#simple ftrl implementation in R
This is a simple implementation of the ftrl algo in order to take part of the kaggle competition
http://www.kaggle.com/c/avazu-ctr-prediction
First I tried to use old fashion learning with lm in R but it didn't work out because of the dimesnion of the data itself but also the matrix which was made by lm was simple to big (>10GB) even for a sample of 100k datasets.
I was faszinated by online learning algo in any case. so I tried a published implementation in python. I know some python and wanted to get a better experience in R programming.
so here is my first more serious code in R...

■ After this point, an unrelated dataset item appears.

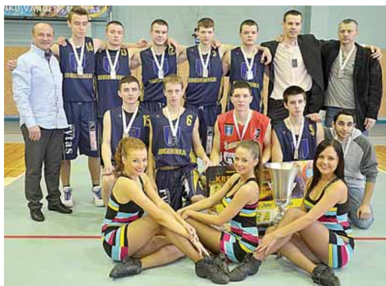
Druskininkų „Ryto“ gimnazijos 2a klasės komanda Alytaus apskrities bendrojo lavinimo mokyklų klasių krepšinio turnyre Druskininkų savivaldybės taurei laimėti iškovojė 2-ąją prizą

● „Druskininkų Puma pusmaratonyje“ gegužės 6 d. bus daug smagių naujovių, skirtų ne tik profesionalams, bet ir mėgėjams, aktyvioms šeimoms bei mažiesiems bėgikams. Šventėje kartu su profesionalais ir šios sporto šakos mėgėjais bus galima įveikti šiaurietiško ėjimo trasas. Čia, 5 ir 11 kilometrų distancijose, reikės varžytis tik su savimi. Šiaurietiško ėjimo varžybose nereikės įveikti kitų. Renginyje gali dalyvauti ir tie, kurie niekada rankose nelaide šiaurietiško ėjimo lazdų. Šventėje dalyvaus instruktoriai, kurie ėjimo metu galės patarti bei paaiškinti šiaurietiško ėjimo klaidas. Jeigu sugalvojote dalyvauti „Druskininkų Puma pusmaratonyje“ renginiuose pirmiausiai užsiregistruokite: www.druskininku-pusmaratonis.lt .

- avazu-ctr-train-predict.R
- function_4ftrl.R
before I do the introduction I should give some references
- the original paper
http://www.eecs.tufts.edu/~dsculley/papers/ad-click-prediction.pdf
- implementaion in python where I made a copy from
- "mkdir data" in the directory where the R-Files are
- download the data from kaggle webpage http://www.kaggle.com/c/avazu-ctr-prediction/data into the data directory
- gunzip train.gz and test.gz
- run the program avazu-ctr-train-predict.R
I got a score of 0.3981133
##Comments on my experiences with R
Reading and writing files is extremely slow in R. In python reading the file must be must faster at least in comparison to R. In the python Implementation from above uses for "t, row in enumerate(DictReader(open(path))):" which is a realy nice construct.
I also tried parallelization using doSnow and foreach. After some tests I came to the conclusion that it would speedup the training.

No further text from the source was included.